It is most desirable that the dose–response model(s) chosen for use is biologically plausible. Therefore, we will first review some attributes of a biologically plausible microbial dose–response model for infectious agents. Then some classes of these models will be derived and analyzed. Subsequently, some empirical (albeit lacking in plausibility) models will be presented. The remainder of this chapter will then deal with issues of fitting data to models and assessing validity using independent data.

## Plausible Dose–Response Models

There are two key distinguishing features of infectious microorganisms from other human health risks (e.g., chemicals, ionizing radiation). Any dose–response model failing to consider these factors lacks biological plausibility.

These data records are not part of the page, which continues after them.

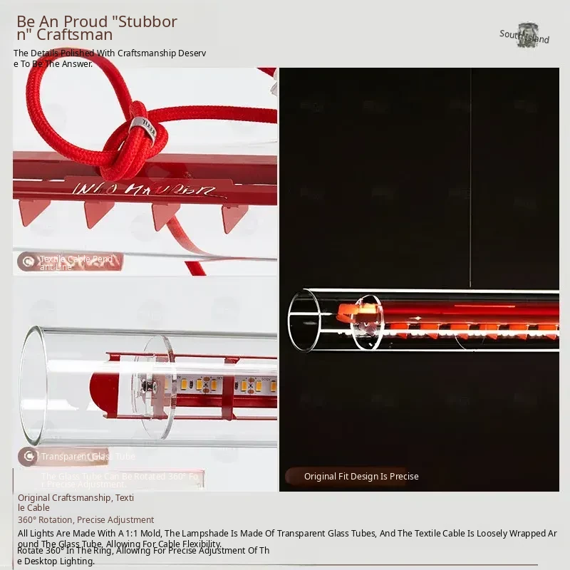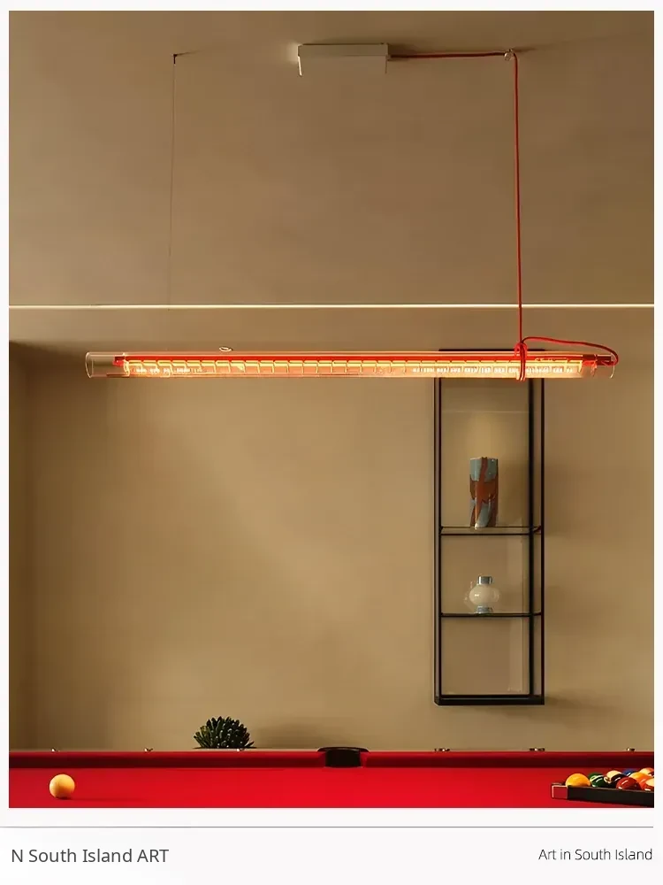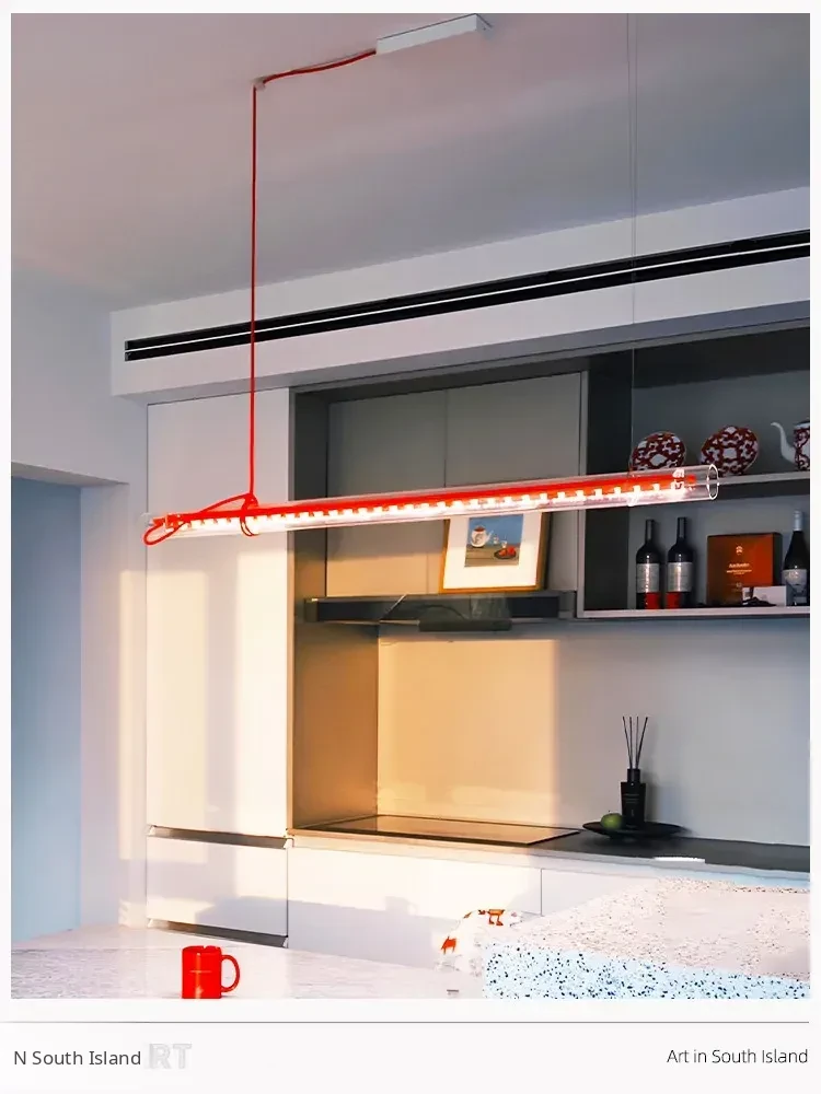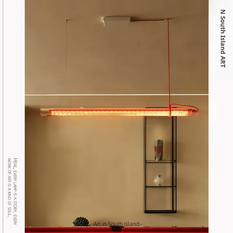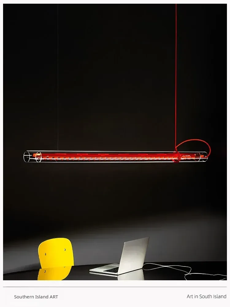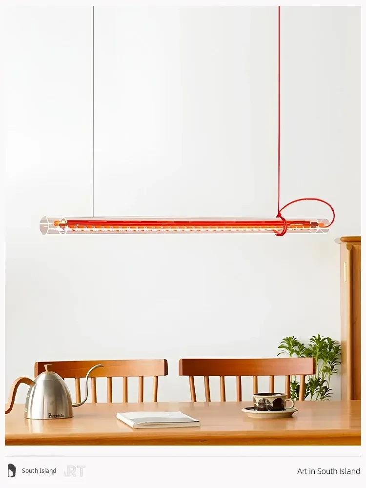 German Maurer Tubular Modern Minimalist Long Rectangular Transparent Glass Red Pendant Light for Dining Room and Study
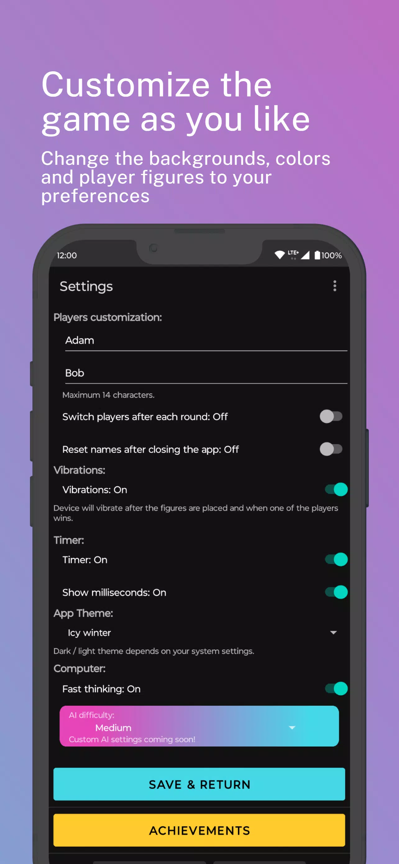 Expand your tic-tac-toe skills with new challenges that push the boundaries of your strategic thinking. Personalize your game by changing player names, backgrounds, and colors, making each match uniquely yours. Not in the mood for human competition? No problem! Test your skills against our smart AI opponent and refine your strategy to outsmart the computer.
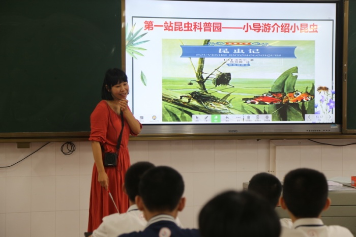 調研組先聽取了東升中學初二年級語文學科吳銀芳老師執教的《昆蟲記》名著導讀課,并在課后針對執教教師的課堂教學情況給予全面的評價,充分肯定教師教學工作的亮點,同時也對教師提出中肯的意見和建議。聽課專家一致認為,吳銀芳老師以小組合作的方式,利用愛米云平臺和希沃白板,充分挖掘和發揮智慧課堂的潛力;與此同時,吳老師還結合“先學后教、小組合作、當堂訓練”高效課堂教學模式,讓學生從被動學習轉化為主動學習,切實實現了將課堂還給學生。
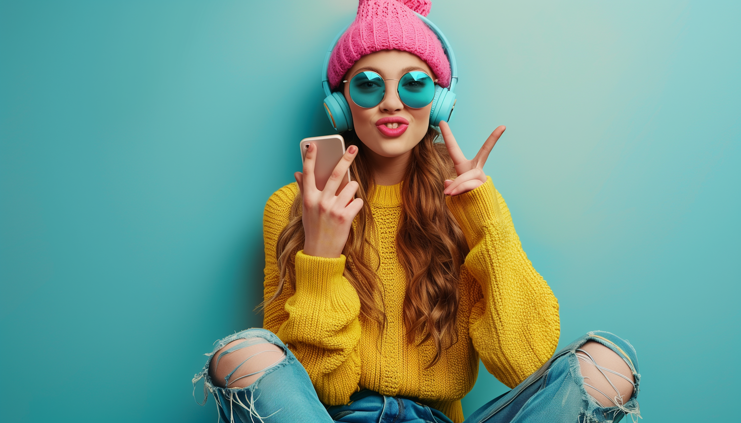Trendy young woman in colorful outfit with pink beanie and blue sunglasses, making a peace sign while holding a smartphone.
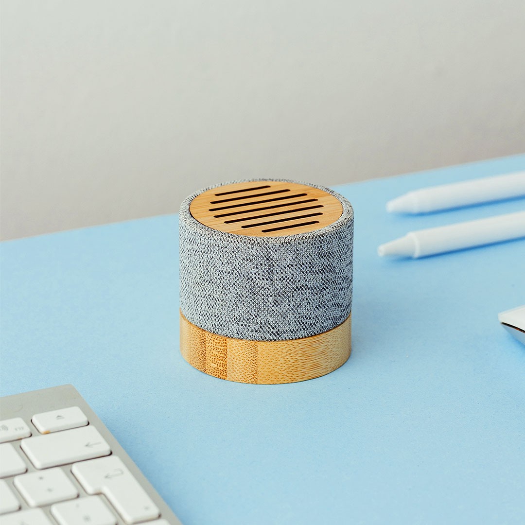 Bežični zvučnik snage 3 W u kućištu od bambusa i RPET materijala, namenjen svakodnevnoj upotrebi u kućnom ili kancelarijskom okruženju. Kompaktan format čini ga praktičnim izborom za promotivne i poslovne poklone. Isporučuje se u poklon kutiji sa uključenim Type-C kablom za punjenje.
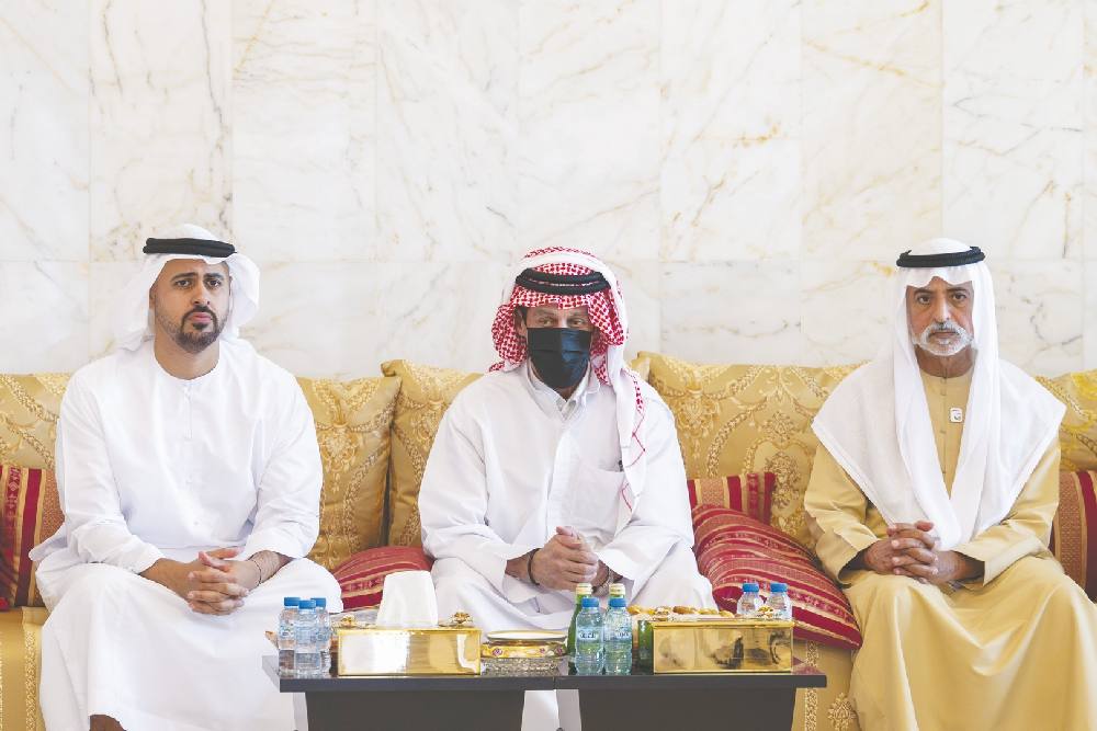 قدم سمو الشيخ ذياب بن محمد بن زايد آل نهيان نائب رئيس ديوان الرئاسة للشؤون التنموية وأسر الشهداء، ومعالي الشيخ نهيان بن مبارك آل نهيان وزير التسامح والتعايش، أمس الاثنين، واجب العزاء إلى الشيخ خليفة بن سلطان بن شخبوط آل نهيان في وفاة والدته المغفور لها الشيخة ميرة بنت راشد بن حفيظ المزروعي، أرملة الشيخ سلطان بن شخبوط آل نهيان.

First, particularly at low levels, the statistics of microbial distribution (as discussed in Chapter 7) dictate that a population of humans exposed to infectious agents will of necessity receive a distribution of actual doses. For example, if a group of people each consume exactly 1 l of water containing an average concentration of 0.1 organisms per liter, we expect (assuming random Poisson distributions between doses) that about 90% of persons (exp(−0.1)) would actually consume zero organisms, about 9% of persons (0.1 × exp(−0.1)) would consume one organism, 0.45% of persons would consume two organisms, and 0.015% would consume three or more organisms. If the distribution of organisms between doses was nonrandom (e.g., NB), then the percentages would obviously be different. Any biologically plausible dose–response framework should consider this phenomenon. This is very different than with many chemicals, which are present at high enough concentrations (when viewed in terms of molecules) such that the quantal nature of the delivered substance does not affect the actual delivered dose between subjects exposed.

The second distinguishing aspect of infectious microbial agents is their ability to propagate within a susceptible host at an appropriate location within the body. There are, in fact, suggestions that the very trait of microbial pathogenicity may result from coevolutionary processes between infectious agents and humans [1]. Although there are quite specific mechanisms of pathogenicity and methods of circumventing the numerous antimicrobial defense mechanisms of the human body, the infection and disease process represent an overcoming of these barriers by the infectious agent [2]. The time course of microbial infection can be described by competing processes of birth and death within the host, infection resulting when birth is sufficient to produce a body burden above some critical level to induce the effect [3].

The exposure to microbial agents can result in a series of endpoints:

- Infection

- Illness

- Severe illness

- Death

A fraction of individuals, *P*_{I}, will become infected. Infection is manifest as the multiplication of organisms within the host, followed by excretion. In addition, measurable rises in serum antibodies or increase in body temperature can indicate infection. Of those infected, a fraction of these, *P*_{D:I} (termed the morbidity ratio), will become ill. Of those becoming ill, a fraction of these, *P*_{M:D} (termed the mortality ratio), will die.

For some infectious agents, the development of consequences can be quite complex and involve multiple disease symptomatologies and endpoints. This is illustrated in Figure 8.1 for the case of *Escherichia coli* O157:H7, based on overall U.S. prevalence statistics [5]. This figure illustrates another aspect of many infectious agents; often, the frequency of more severe consequences is better characterized than the frequency of less severe endpoints, including infection, since the latter endpoints represent individuals who may not be recognized by the health care system (and they may not seek medical attention).

In dose–response assessment, we will focus heavily on the early processes, particularly infection. The relationship of *P*_{I} to dose will be characterized. Focus on infection as an initial object of study is justified since, from a public health point of view, the minimization of infections may introduce an element of conservatism into the analysis.

## Framework for Mechanistic Dose–Response Relationships

The process of infection may be considered as requiring two sequential subprocesses to occur [6]:

- The human host must ingest one or more organisms that are capable of causing disease.

- The organisms undergo decay or are impaired from multiplying to cause infection/disease by host responses, and only a fraction of the ingested organisms reach a site where infection can commence.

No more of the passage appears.